##### ENTRIES SUPPLIED
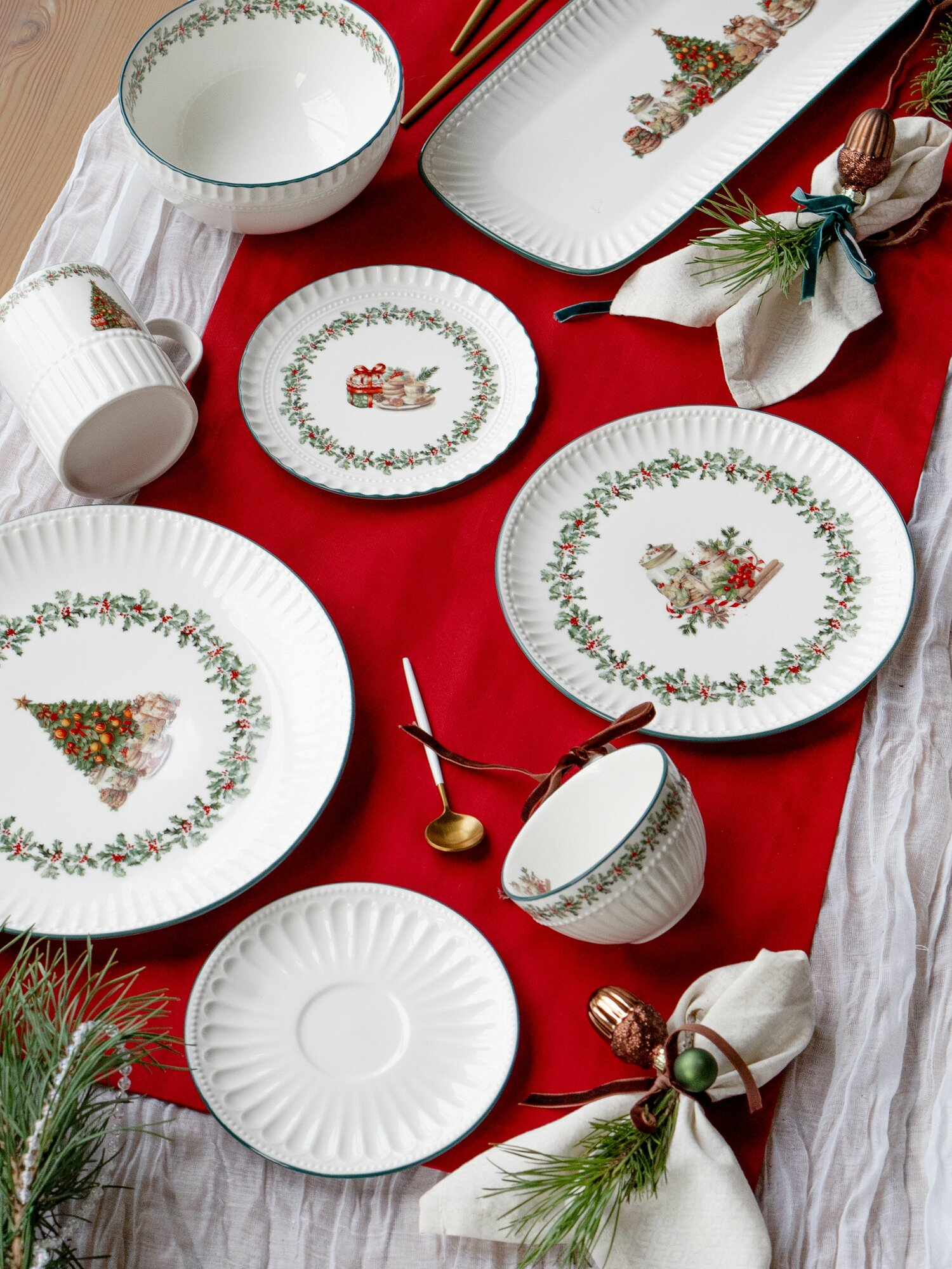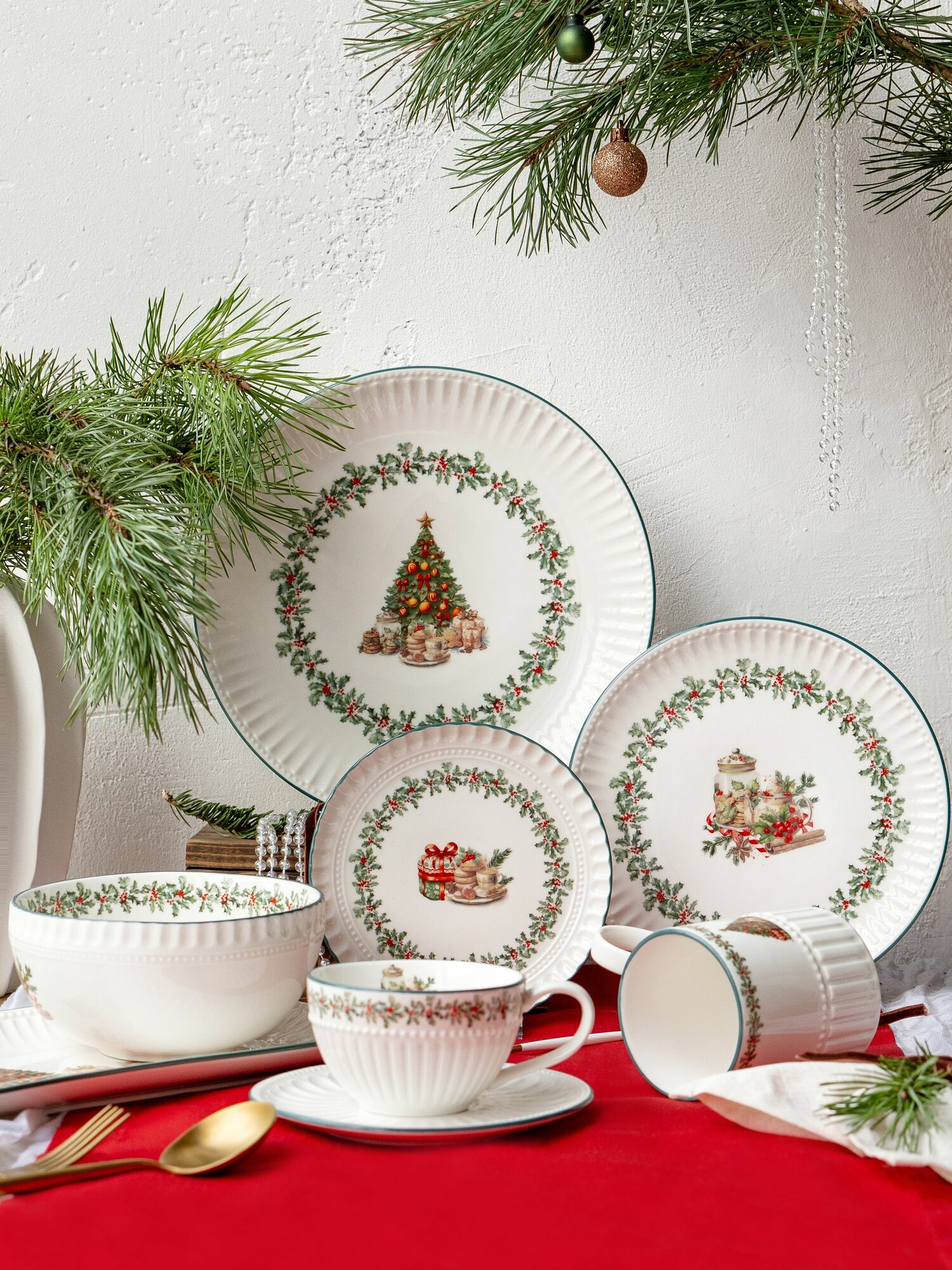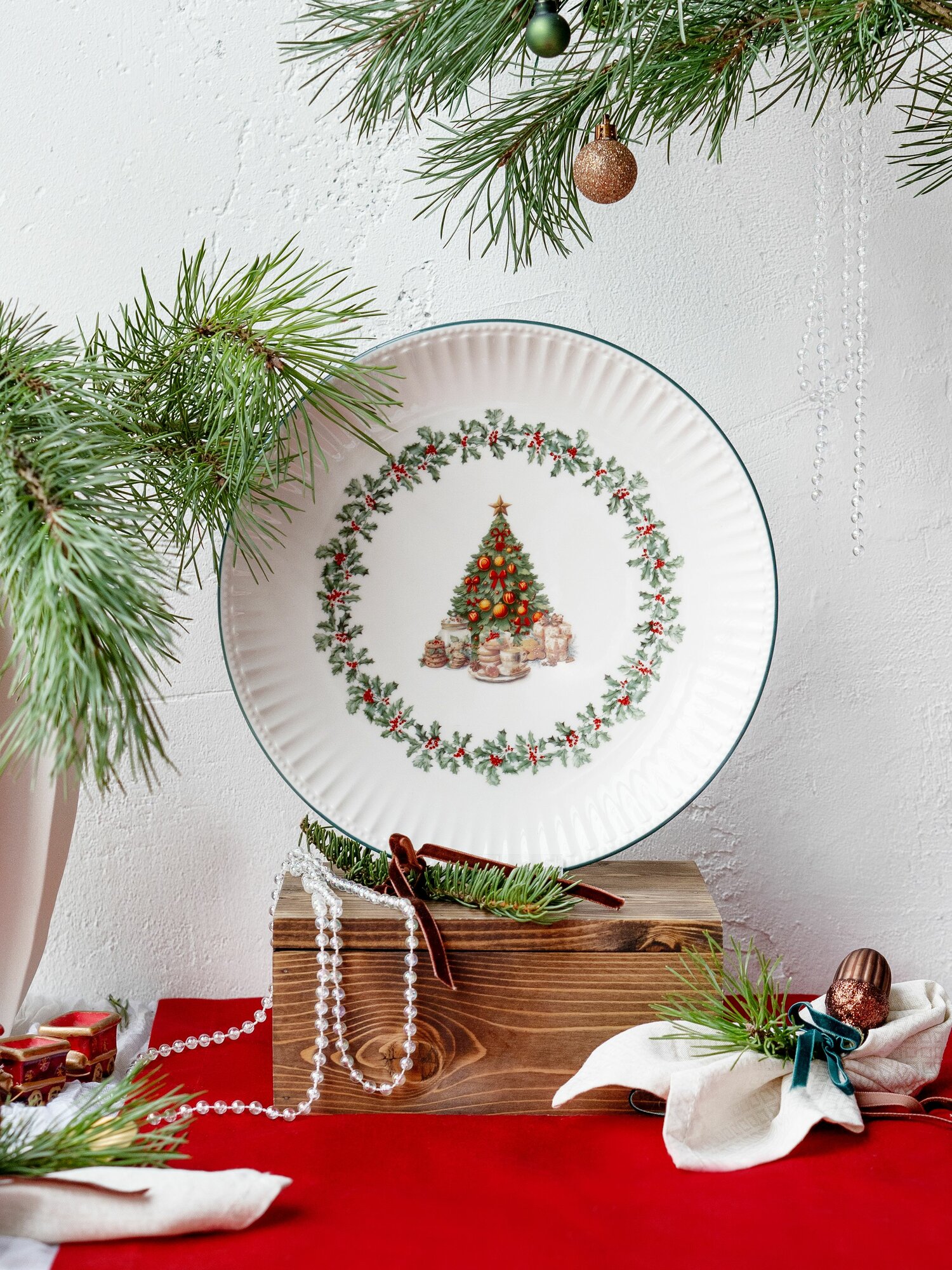 Тарелка фарфор 26 см. "Новогодний венок" блюдо для подачи и сервировки посуда новогодняя Коралл. интересное:
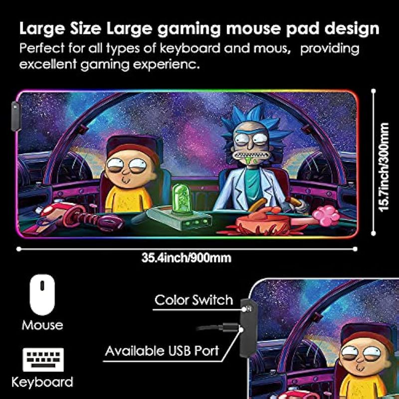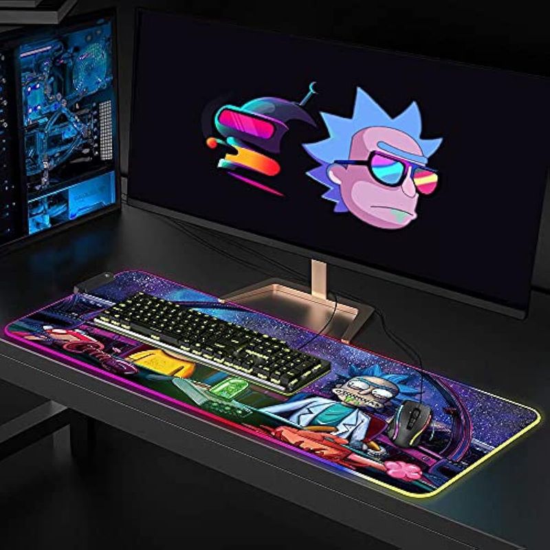 Bimormat Alfombrilla de mouse RGB para juegos con luz LED, base de goma, tapete de escritorio
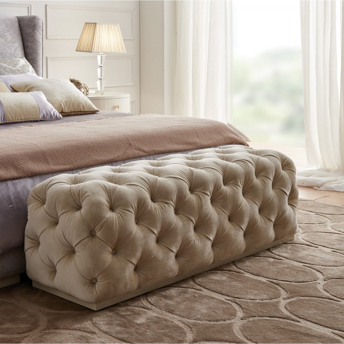 Банкетка ROMA отделка бежевый лак (Beige B), ткань светло-бежевый велюр (Anyzo 01)
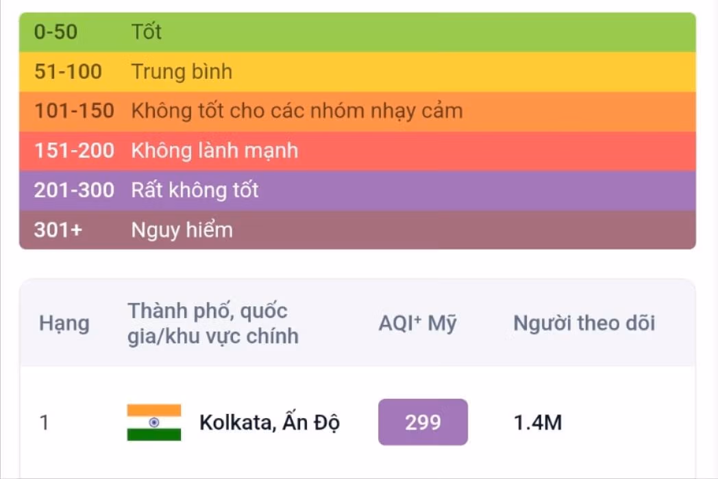 Cũng vào thời điểm này, thành phố có chất lượng không khí tốt nhất trong danh sách 123 địa điểm được IQAir theo dõi là Sydney, Australia ở mức 11. Địa phương có chất lượng không khí ở mức ô nhiễm nhất ghi nhận thời điểm này là Kolkata, Ấn Độ với mức cảnh báo tím 299 "rất không tốt".
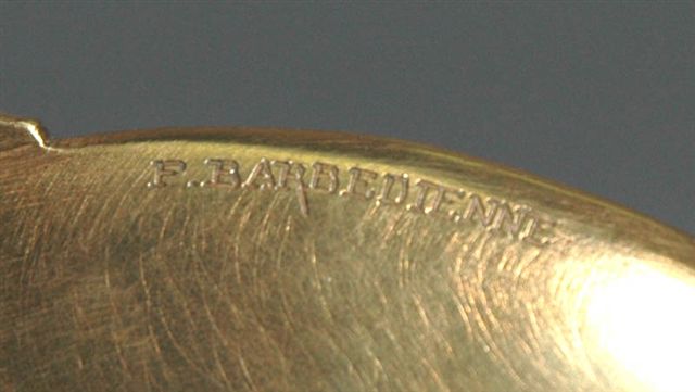 Par Ferdinand Barbedienne, encrier Art Nouveau d'un plateau circulaire à deux anses recourbées. L'encrier positionné au centre est en cristal bleu dans son porte godet à couvercle charnière. Décor floral et prise en fleur bouton de pavot entouré d'un serpent. Signature gravée sur le bord inférieur de la coupelle: F. BARBEDIENNE, fin 19ème. Long. 24, larg. 15, haut. 10 cm. (reproduit p. 39 ref. b 012)
##########
TASK DETAILS:
An exact copy of the data is required, with the pictures excluded.

EXERCISE ANSWER:
 Тарелка фарфор 26 см. "Новогодний венок" блюдо для подачи и сервировки посуда новогодняя Коралл. интересное:
 Bimormat Alfombrilla de mouse RGB para juegos con luz LED, base de goma, tapete de escritorio
 Банкетка ROMA отделка бежевый лак (Beige B), ткань светло-бежевый велюр (Anyzo 01)
 Cũng vào thời điểm này, thành phố có chất lượng không khí tốt nhất trong danh sách 123 địa điểm được IQAir theo dõi là Sydney, Australia ở mức 11. Địa phương có chất lượng không khí ở mức ô nhiễm nhất ghi nhận thời điểm này là Kolkata, Ấn Độ với mức cảnh báo tím 299 "rất không tốt".
 Par Ferdinand Barbedienne, encrier Art Nouveau d'un plateau circulaire à deux anses recourbées. L'encrier positionné au centre est en cristal bleu dans son porte godet à couvercle charnière. Décor floral et prise en fleur bouton de pavot entouré d'un serpent. Signature gravée sur le bord inférieur de la coupelle: F. BARBEDIENNE, fin 19ème. Long. 24, larg. 15, haut. 10 cm. (reproduit p. 39 ref. b 012)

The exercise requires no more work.